Any other lock seen results in an abort of the commit.
If there is no conflict, write the lock and the data to the corresponding cell.
Then obtain a commit timestamp and make the write visible to readers by replacing the lock with a write record.

In the event of client failure, locks are left behind and need to be cleaned up. A primary lock is used and if a crash has occurred the primary lock can be used to determine a crash of a previous transaction and thus the locks can be discarded.

Timestamp Oracle: This is a server that hands out timestamps (so zookeeper? or whatever Google uses - It’s called Chubby I think).

Triggers

Percolator has a mechanism for triggering and running transactions. A set of observer binaries register a thunk with columns that get called upon an update. Percolator applications are structured like these.

Performance

MapReduce involves one bulk read from the GFS which Percolator performs 50 operations per document resulting in a lot of RPCs.

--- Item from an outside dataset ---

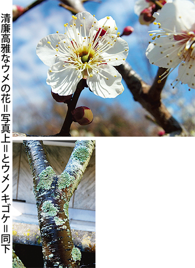 古木のウメには、写真のようなコケ状のものが付着しているのを見かけます。これは「ウメノキゴケ」という藻類と菌類が共生している地衣類で、コケではありません。日本には約80種のウメノキゴケがあり、大気汚染に対して敏感で、大気のきれいなところほどよく生育します。このような植物を「環境指標植物」といいます。

Commits also require RPCs and to reduce this count transactions involving one column are batched together and performed in 1 RPC.

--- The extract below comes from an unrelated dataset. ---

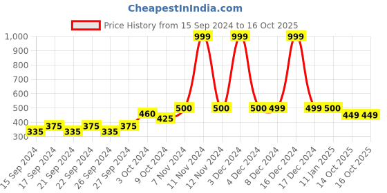 The current price is ₹449, which is ₹114 (34.0%) higher than the best price of ₹335 last seen on 15 Sep 2024. Over the 396 day price history period, prices have ranged from ₹335 to ₹999, with an average of ₹521. The pricing shows high volatility with significant fluctuations, but the overall trend is concerning as prices are getting more expensive. In terms of recent activity, there have been 0 price changes this week, 0 this month, and 9 over the past year. If you need this product now, it's a reasonable time to buy as prices are stable, but you might want to monitor for potential better deals.

The same batching is used to serve read() requests as well. Pre-fetching is another optimization that is aimed at making use of locality (in terms of the columns involved) in requests.

A newly crawled document enters the searchable index faster using Percolator than when using MapReduce.

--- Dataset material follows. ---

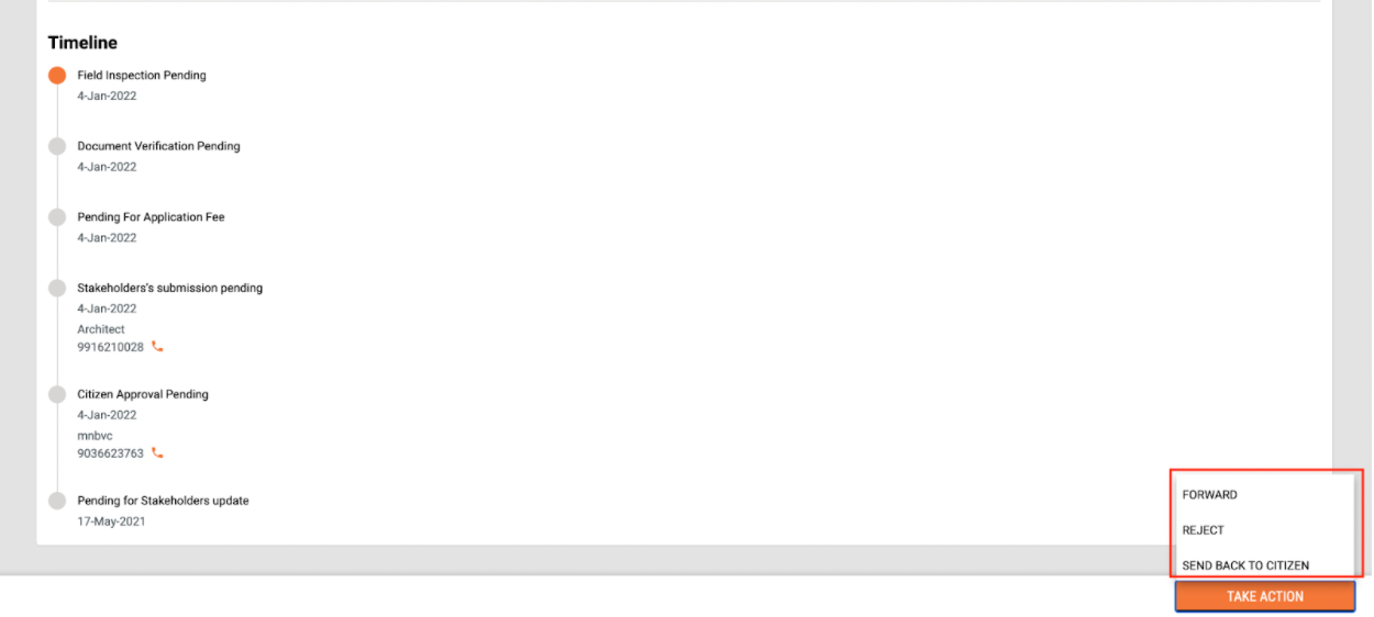 Click on the Take Action button at the bottom of the application page once the review is complete.

Since the document enters the index quicker:

The index can grow larger (no need to process the index as-is every single time).
The corpus is fresher (documents don’t spend days in the sequence of MapReduce jobs).
There is an increase in resources used but the gains are greater than they would have been using MapReduce.

At extremely high crawl rates, it is more efficient to use MapReduce but real systems exhibit crawl rates that make Percolator a better choice than MapReduce.

Percolator is an implementation on top of BigTable so it is marginally slower than BigTable operations.

The paper also provided results using the TPC-E benchmark [2] - Percolator is 3x better than the leader of the TPC-E board (although I am not sure if these numbers mean anything). This comes at the cost of a 30-fold overhead and this is a (potential) area of improvement.

[1] http://research.google.com/pubs/pub36726.html

[2] http://www.tpc.org/default.asp